**WHAT YOU WILL DO**.
Your output should be the lines below from the one holding "Record. | |||||" through the one holding "गर्मी आते ही", transcribed exactly, with no pictures.

**DATA SHOWN**.

============================================================

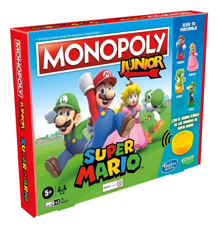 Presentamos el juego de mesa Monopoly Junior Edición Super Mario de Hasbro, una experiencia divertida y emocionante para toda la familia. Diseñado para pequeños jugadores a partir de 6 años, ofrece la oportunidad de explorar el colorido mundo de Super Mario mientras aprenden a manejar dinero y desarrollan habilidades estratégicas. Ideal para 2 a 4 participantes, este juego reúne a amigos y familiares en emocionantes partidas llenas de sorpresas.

============================================================

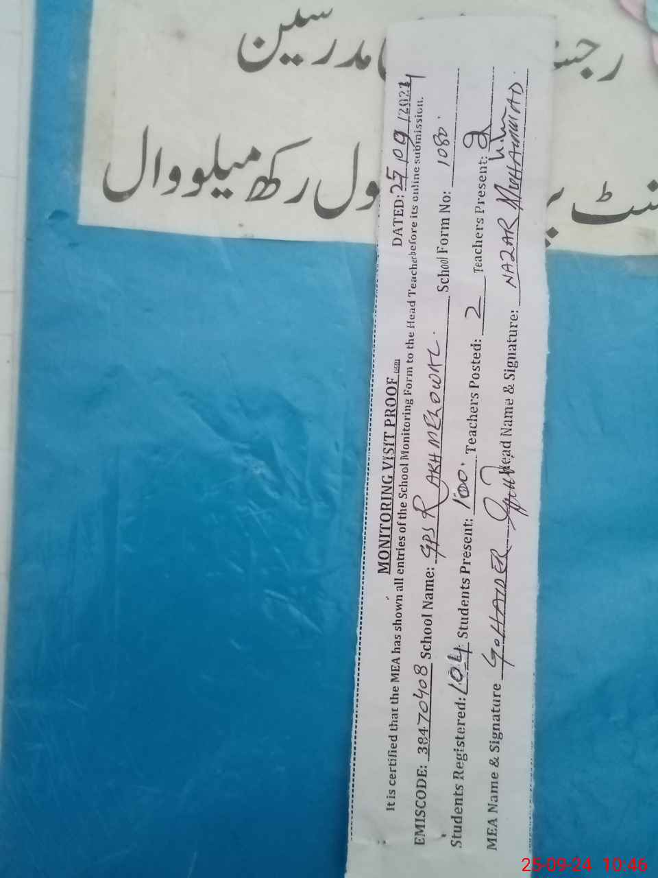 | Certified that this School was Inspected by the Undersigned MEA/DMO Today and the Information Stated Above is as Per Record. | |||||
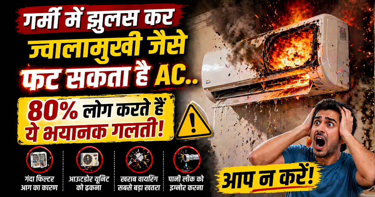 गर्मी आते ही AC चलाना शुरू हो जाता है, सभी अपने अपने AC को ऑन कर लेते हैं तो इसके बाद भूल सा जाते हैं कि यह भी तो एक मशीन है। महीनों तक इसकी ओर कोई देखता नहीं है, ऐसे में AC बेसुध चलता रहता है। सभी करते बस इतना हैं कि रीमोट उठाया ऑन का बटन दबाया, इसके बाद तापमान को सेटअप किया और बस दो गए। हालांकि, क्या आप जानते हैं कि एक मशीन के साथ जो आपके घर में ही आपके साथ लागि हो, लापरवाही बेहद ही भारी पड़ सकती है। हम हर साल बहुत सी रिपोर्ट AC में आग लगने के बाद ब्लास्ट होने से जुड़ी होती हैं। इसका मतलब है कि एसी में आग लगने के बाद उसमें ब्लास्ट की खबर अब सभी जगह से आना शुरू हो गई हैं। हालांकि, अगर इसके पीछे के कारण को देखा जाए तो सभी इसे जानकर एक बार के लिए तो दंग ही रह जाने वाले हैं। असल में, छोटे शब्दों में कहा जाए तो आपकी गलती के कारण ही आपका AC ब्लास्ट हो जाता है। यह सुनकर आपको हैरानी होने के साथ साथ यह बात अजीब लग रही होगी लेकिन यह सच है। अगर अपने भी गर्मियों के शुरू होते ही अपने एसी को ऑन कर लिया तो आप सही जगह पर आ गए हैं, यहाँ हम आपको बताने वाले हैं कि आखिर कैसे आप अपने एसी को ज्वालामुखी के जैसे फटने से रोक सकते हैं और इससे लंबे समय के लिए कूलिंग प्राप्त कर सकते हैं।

============================================================

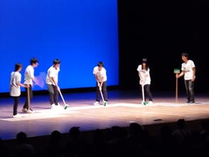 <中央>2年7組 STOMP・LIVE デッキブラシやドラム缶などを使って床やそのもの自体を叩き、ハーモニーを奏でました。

============================================================

**EXPECTED ANSWER**.
 | Certified that this School was Inspected by the Undersigned MEA/DMO Today and the Information Stated Above is as Per Record. | |||||
 गर्मी आते ही AC चलाना शुरू हो जाता है, सभी अपने अपने AC को ऑन कर लेते हैं तो इसके बाद भूल सा जाते हैं कि यह भी तो एक मशीन है। महीनों तक इसकी ओर कोई देखता नहीं है, ऐसे में AC बेसुध चलता रहता है। सभी करते बस इतना हैं कि रीमोट उठाया ऑन का बटन दबाया, इसके बाद तापमान को सेटअप किया और बस दो गए। हालांकि, क्या आप जानते हैं कि एक मशीन के साथ जो आपके घर में ही आपके साथ लागि हो, लापरवाही बेहद ही भारी पड़ सकती है। हम हर साल बहुत सी रिपोर्ट AC में आग लगने के बाद ब्लास्ट होने से जुड़ी होती हैं। इसका मतलब है कि एसी में आग लगने के बाद उसमें ब्लास्ट की खबर अब सभी जगह से आना शुरू हो गई हैं। हालांकि, अगर इसके पीछे के कारण को देखा जाए तो सभी इसे जानकर एक बार के लिए तो दंग ही रह जाने वाले हैं। असल में, छोटे शब्दों में कहा जाए तो आपकी गलती के कारण ही आपका AC ब्लास्ट हो जाता है। यह सुनकर आपको हैरानी होने के साथ साथ यह बात अजीब लग रही होगी लेकिन यह सच है। अगर अपने भी गर्मियों के शुरू होते ही अपने एसी को ऑन कर लिया तो आप सही जगह पर आ गए हैं, यहाँ हम आपको बताने वाले हैं कि आखिर कैसे आप अपने एसी को ज्वालामुखी के जैसे फटने से रोक सकते हैं और इससे लंबे समय के लिए कूलिंग प्राप्त कर सकते हैं।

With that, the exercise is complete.